Rock Chalk, Shut Up: Kansas fans were up in arms over the toughest 2-3-4 seeds being placed in their bracket despite KU’s status as number one overall. Jason Whitlock saw a TV-based pro-Duke conspiracy in the brackets, even though the Midwest 2-3-4 seeds’ RPIs were much worse than those in Duke’s path in the South. The complaints were rendered moot when Ali Farokhmanesh drilled the stupid shot heard ‘round the prairie, completing Northern Iowa’s epic upset of the Jayhawks. (Seriously, a three-pointer when you’re up one with 37 seconds to go and thirty left on the shot clock? That was the ultimate coach’s “No, Ali! No, Ali! No – Good shot!”) Expect a rash of babies in Northern Iowa to be named Farokhmanesh… or maybe not.
Most Improved Award Goes To: Australia. Three Aussies start for St. Mary’s, rapidly rising as a team no one should want to play. Center Omar Samhan, one of just two Californians to start a game for the Gaels this season, was 13-for-16 from the floor, had 32 points, seven rebounds and two blocks against Villanova. Down the stretch, they kept the ball in the hands of Aussie Matthew Dellavedova, an 85 percent foul shooter who made four in a row in the last minute.
The Power of One: Twenty conferences put one team into the tournament field; only one, Butler, was seeded in the top eight of its bracket. The teams, expected to win one game, won nine, putting three teams into the regionals (Northern Iowa, Cornell, and Butler).
Eight is Too Many; Five is Enough: So maybe the Big East isn’t the greatest conference in the history of basketball. Going by the seedings, the eight Big East teams were expected to win twelve games; they won six. They fell in the first round to teams from the Mid-American, the Colonial, and the Pac-10 (twice), and in the second to teams from the Atlantic Ten and West Coast Athletic. Maybe, just maybe, it wouldn’t be a tragedy if the power conferences got fewer berths and the others got a couple more?
Biggest Mystery: Why no split screens, CBS? Do you have a deal with the NCAA to drive traffic to their March Madness On Demand site?

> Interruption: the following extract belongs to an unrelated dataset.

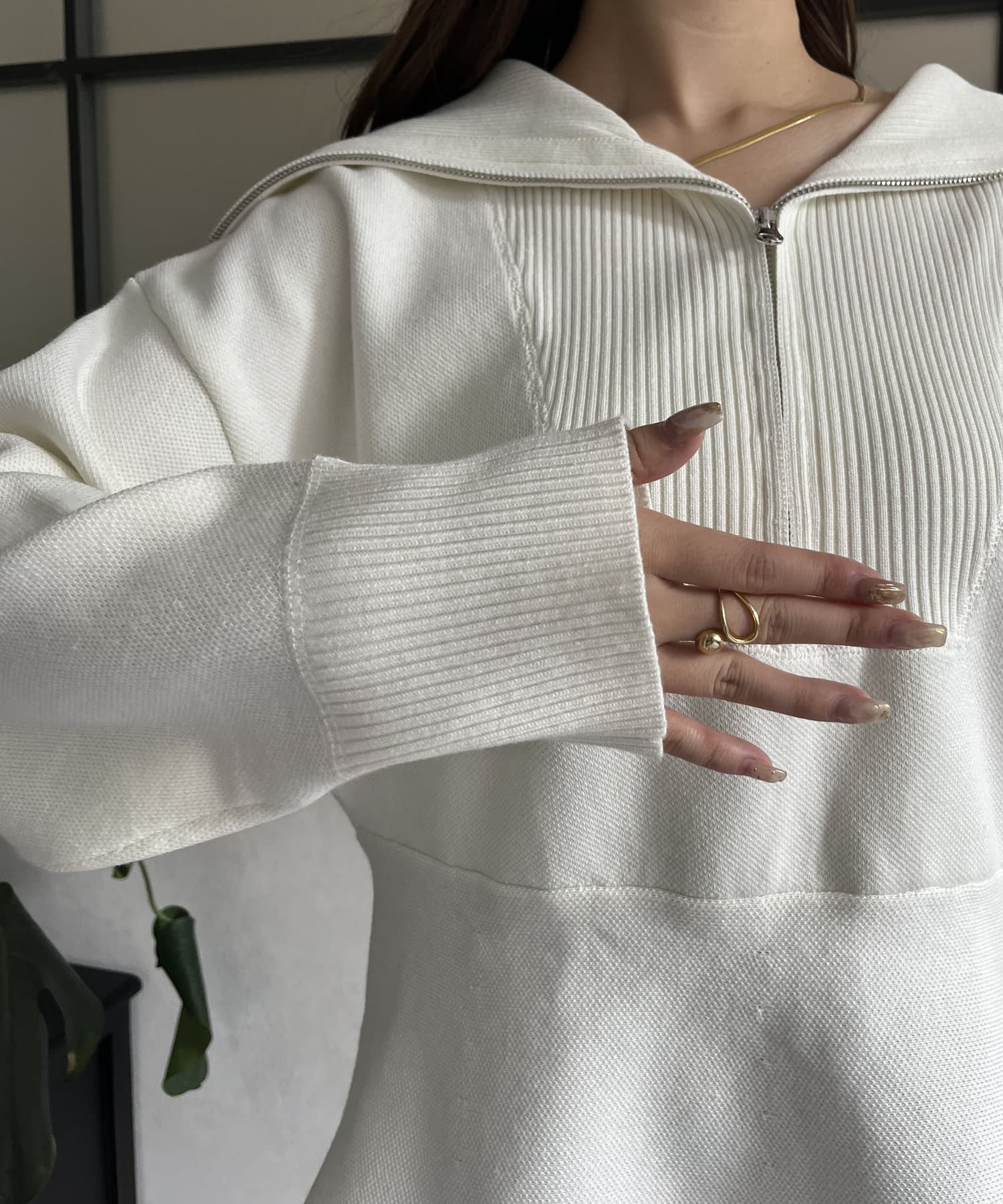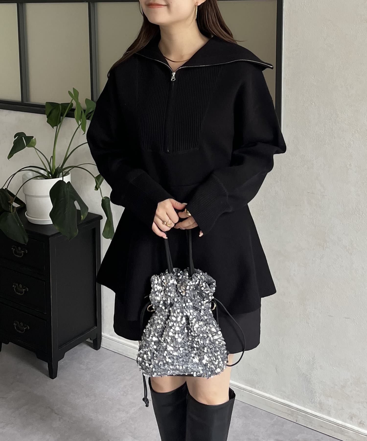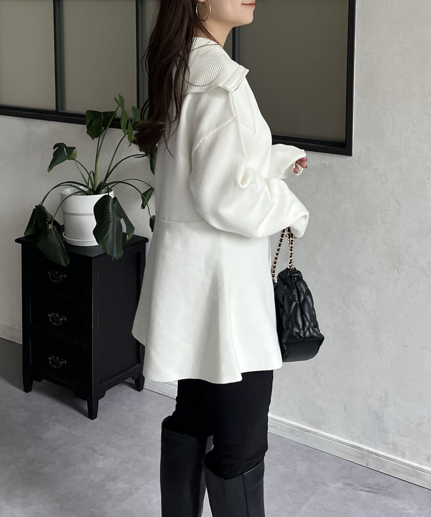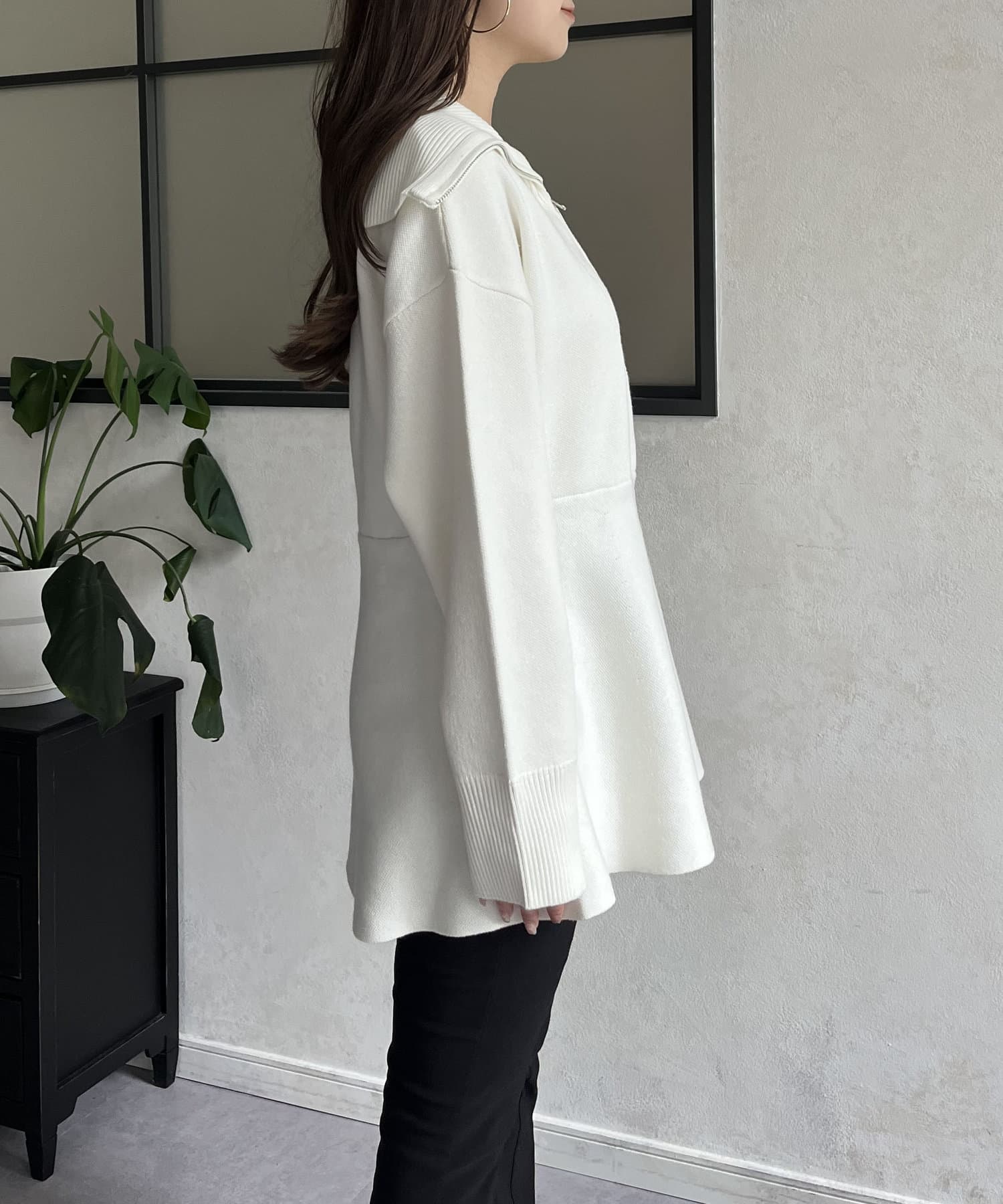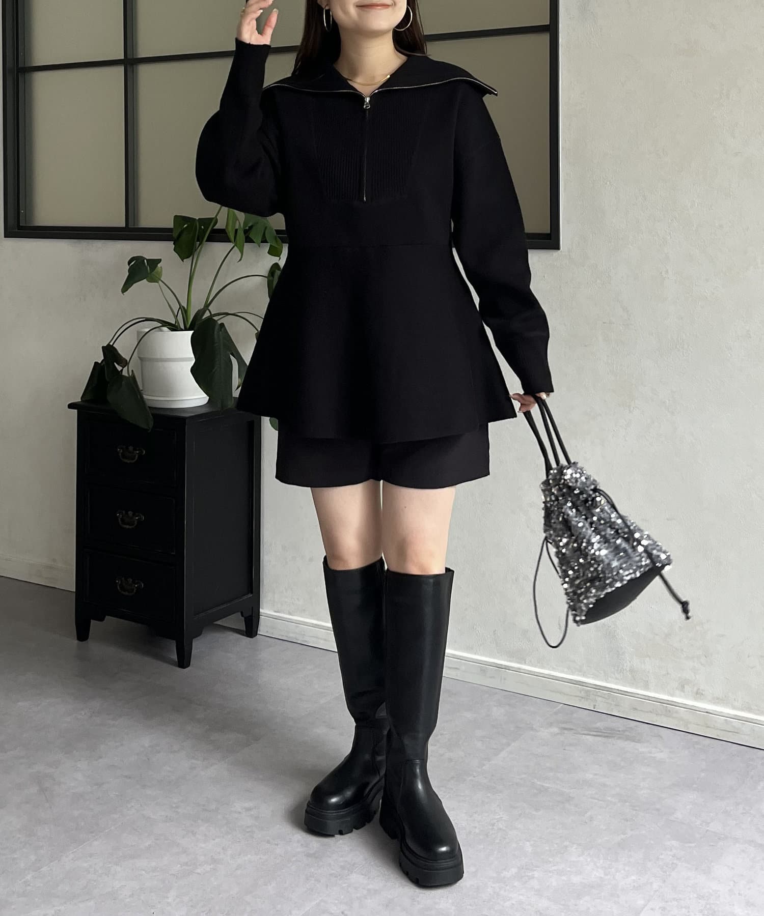 ハーフジップ/ペプラム/カジュアル/体型カバー

There have been numerous examples through the first two rounds, including the last minute of Pitt-Xavier and Michigan State-Maryland winding down simultaneously on Sunday. There’s less overlap in the regionals, but please – don’t make us uni-task again.
How They Stand So Far: Who’s winning the conference battle? And is the Big East really doing so badly if it has two teams still alive?
One way to look at the standings is to take a simple won-lost look at the conferences. The records for all conferences with more than one team in the tournament:
Won Lost Pct.
Big Ten 7 2 .778
Pac-10 3 1 .750
West Coast AC 3 1 .750
SEC 4 2 .667
Big 12 6 5 .545
Big East 6 6 .500
ACC 5 5 .500
Atlantic 10 2 2 .500
Mountain West 2 4 .333
Conference USA 0 2 .000
WAC 0 2 .000
A better way is to compare each conference’s results to its expected wins, assuming that the higher seed (lower seed number) is expected to win each game. Here are the results, taking a percentage by dividing wins by expected wins:
Wins Exp. W W/Exp. W
Pac-10 3 1 3.000
West Coast AC 3 1 3.000
Horizon 2 1 2.000
ACC 5 5 1.000
Big Ten 7 7 1.000
SEC 4 5 .800
Big 12 6 8 .750
Atlantic 10 2 3 .667
Mountain West 2 4 .500
Big East 6 12 .500
(No wins were expected from Conference USA or WAC)
Is it Cinderella’s Year?: Let’s not get too excited yet. The regional finals could easily see two 1-2 matchups, a 1-3, and a 2-5 featuring the likely #1 NBA draft pick. A Final Four of Duke, Kentucky, Syracuse, and Ohio State would serve to remind us why the first week of the NCAAs is so much more fun than the second.
.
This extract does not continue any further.